**Provided material:**
::::
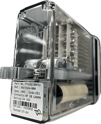 The TY156/GRP21 is a Twin 6F 2B Neutral Line Relay with high release voltage for general railway trackside signalling applications where special characteristics such as AC immunity, slow release etc. are not required. Twin relays consist of two relays which in effect are electrically and mechanically independent, housed in a single enclosure to the dimensions of a single relay to BR930. Of compact modular plug-in design it has non-weld contacts and is equipped with a safety interlocking system (pin code) for insertion into mating plugboards.
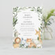 Convide o seu convidado com os nossos elegantes e modernos animais safari. O convite para chás de fraldas contém animais verde eucalipto garland e aquarelas safari. Personalize com seus detalhes de chá de fraldas em layout simples e fonte elegante de estilo manuscrito.
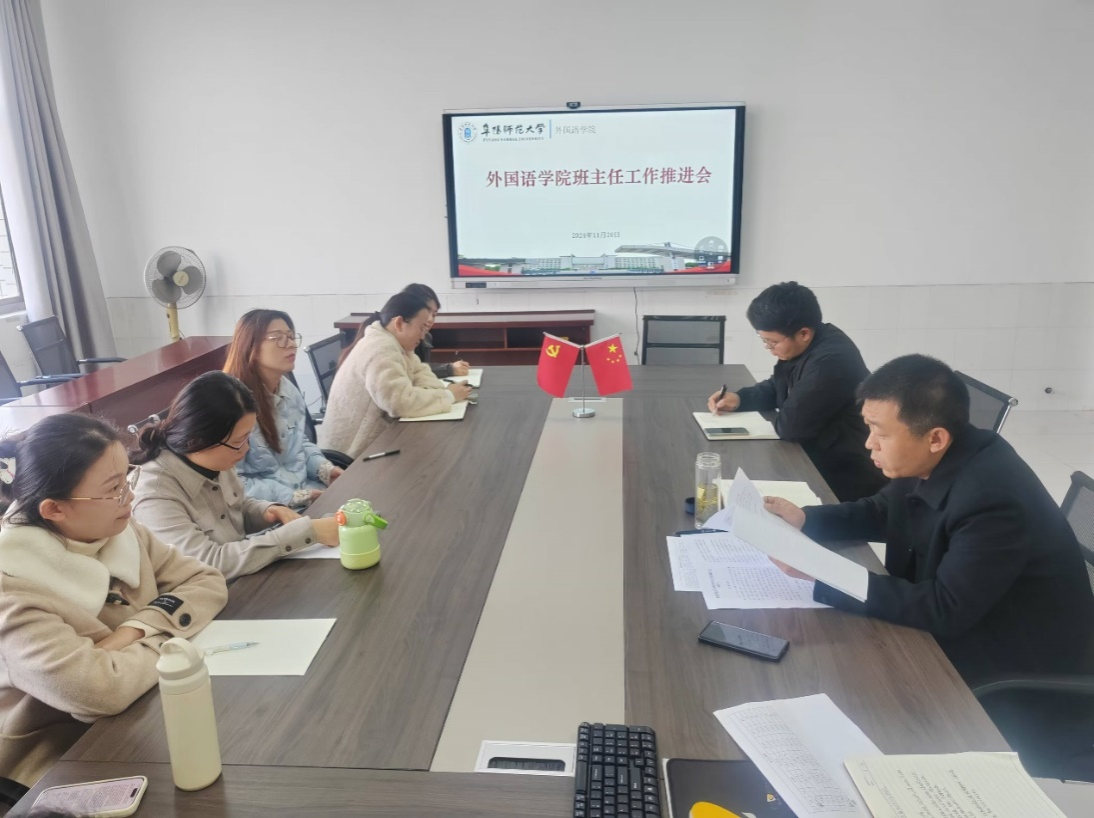 为充分发挥班主任在学生思想政治教育中的作用,切实提升班主任的专业素养和管理能力,11月20日,外国语学院在景行楼802召开班主任工作推进会,学院党委副书记、纪委书记戴亮,各班级班主任及辅导员参会。会议由戴亮主持。
::::
**The problem:** From the line that holds "Convide o seu" down to the last line of the material above, every line is to be copied exactly, both ends included; pictures are to be omitted.

**Answer below:**
 Convide o seu convidado com os nossos elegantes e modernos animais safari. O convite para chás de fraldas contém animais verde eucalipto garland e aquarelas safari. Personalize com seus detalhes de chá de fraldas em layout simples e fonte elegante de estilo manuscrito.
 为充分发挥班主任在学生思想政治教育中的作用,切实提升班主任的专业素养和管理能力,11月20日,外国语学院在景行楼802召开班主任工作推进会,学院党委副书记、纪委书记戴亮,各班级班主任及辅导员参会。会议由戴亮主持。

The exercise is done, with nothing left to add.